27 February 2018

Poets of the Great War: Miles Jeffrey Game Day

Today, 27 February, marks 100 years since war poet Flight Commander Miles Jeffrey Game Day was killed in action flying over the North Sea.

Day is commemorated on the CWGC Chatham Naval Memorial in Kent

Military

Day joined the Royal Naval Air Service (RNAS), being commissioned in 1914 and rising to the rank of acting flight-commander.

He was already an experienced pilot when he joined No. 13 Squadron RNAS, based at Dunkirk, in December 1917. He was awarded the Distinguished Service Cross for “great skill and bravery as a fighting pilot” for his actions during two attacks in January and February 1918. On 27 February, he was shot down over the sea about 25 miles west of Dunkirk by a German seaplane.

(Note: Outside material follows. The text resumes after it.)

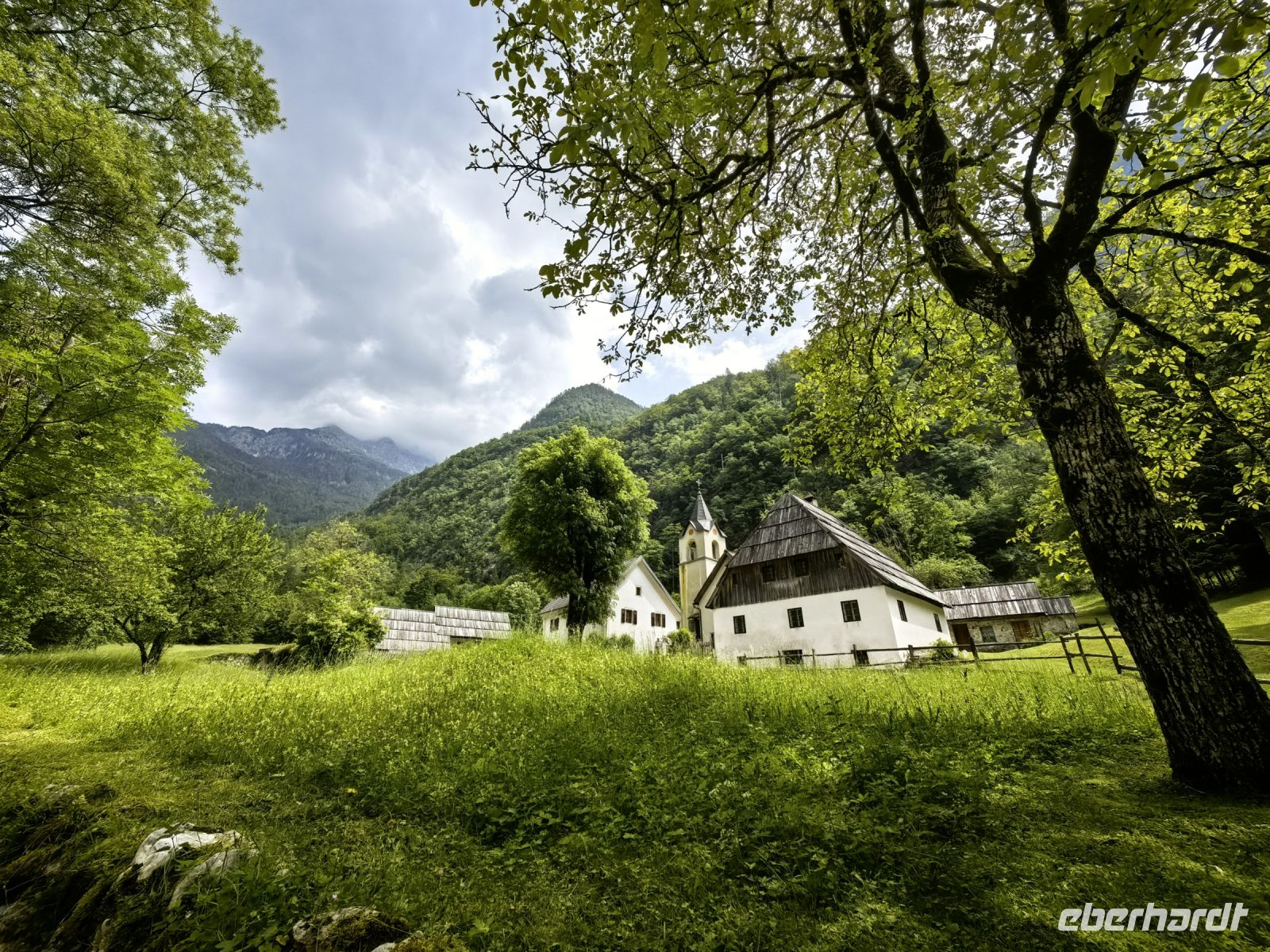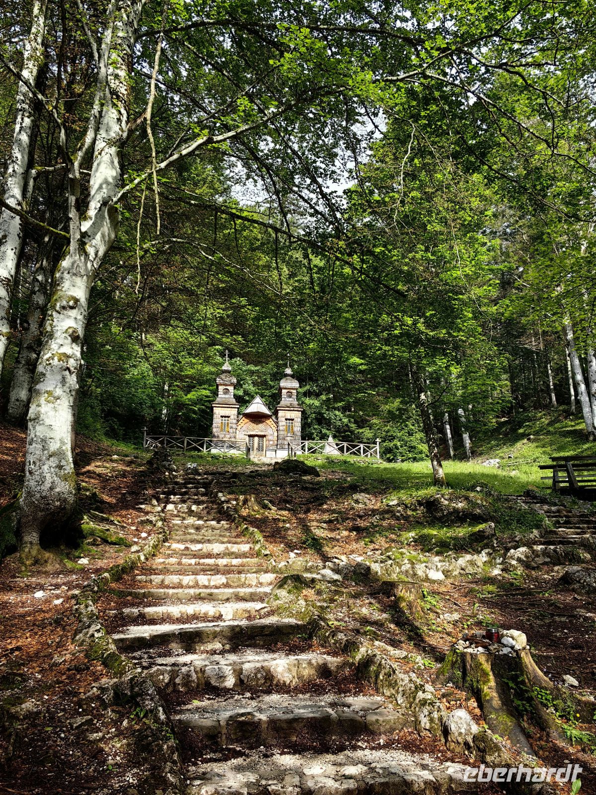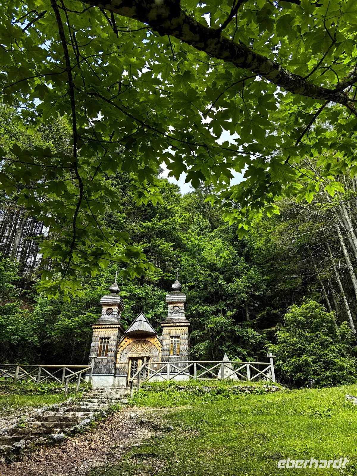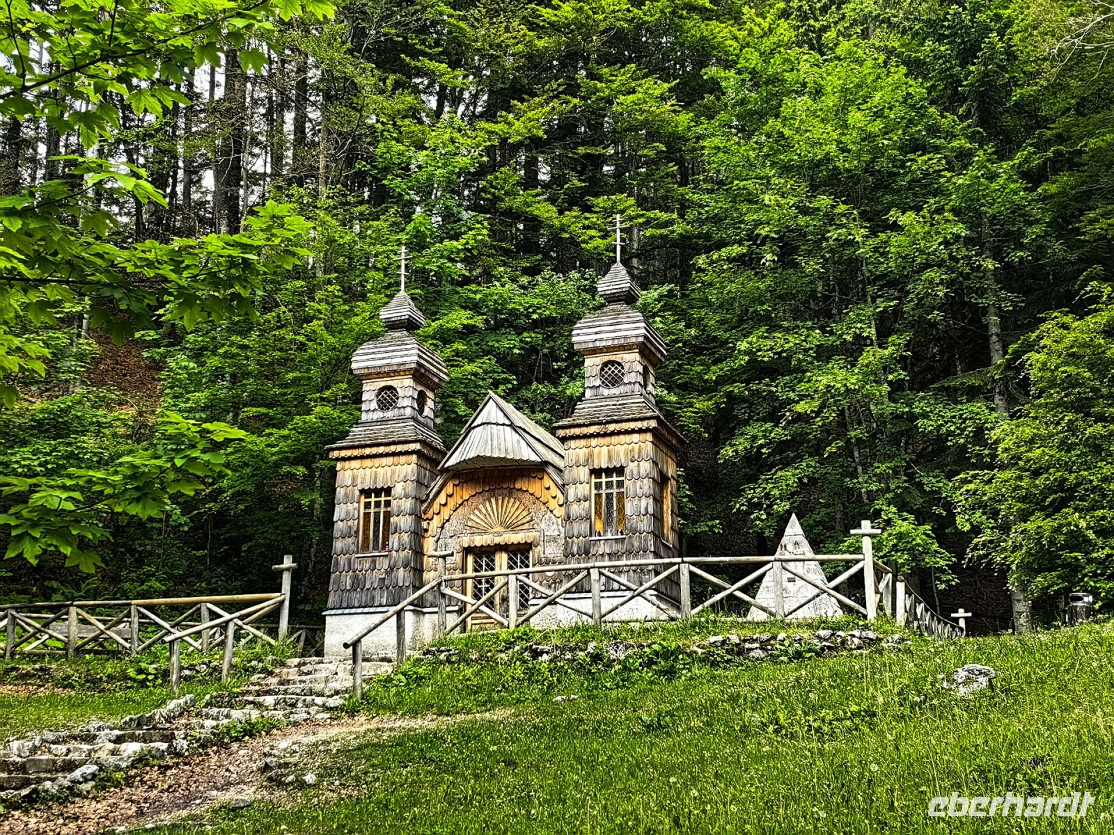Wir beginnen unsere spektakuläre Rundfahrt am Vrsic Paß, dem mit 1.611 Metern höchsten Paß der östlichen Julischen Alpen. 24 enge Haarnadelkurven winden wir uns nach oben, 26 wieder nach unten. Bei der Auffahrt halten wir an der Russischen Kapelle, die zum Andenken an die beim Lawinenabgang verunglückten Kriegsgefangenen errichtet wurde. Sie steht mitten im Grünen, hinter den Zwiebeltürmchen aus Holz erheben sich die Bergriesen und neben ihr schlängelt sich ein kleiner Bach den Steilhang hinunter.

The account of his death by his commanding officer states:

"he was shot down by six German aircraft which he attacked single-handed, out to sea. He had out-distanced his flight, I think because he wished to break the [enemy's] formation, in order to make it easier for the less experienced people behind him to attack. He hit the enemy and they hit his machine, which burst into flames; but, not a bit flurried, he nose-dived, flattened out, and landed perfectly on the water. He climbed out of his machine and waved his fellow-pilots back to their base; being in aeroplanes [not sea-planes] they could not assist him."

His body was not found, and he is commemorated on the CWGC Chatham Naval Memorial in Kent.

Poetry

Day began writing poetry during his spare time, initially humorous verses for his fellow officers in the style of W. S. Gilbert, but later, inspired by Rupert Brooke's work, he began to compose longer, serious poems. Only three of these - On the Wings of the Morning, An Airman's Dream and part of To My Brother, were published in his lifetime.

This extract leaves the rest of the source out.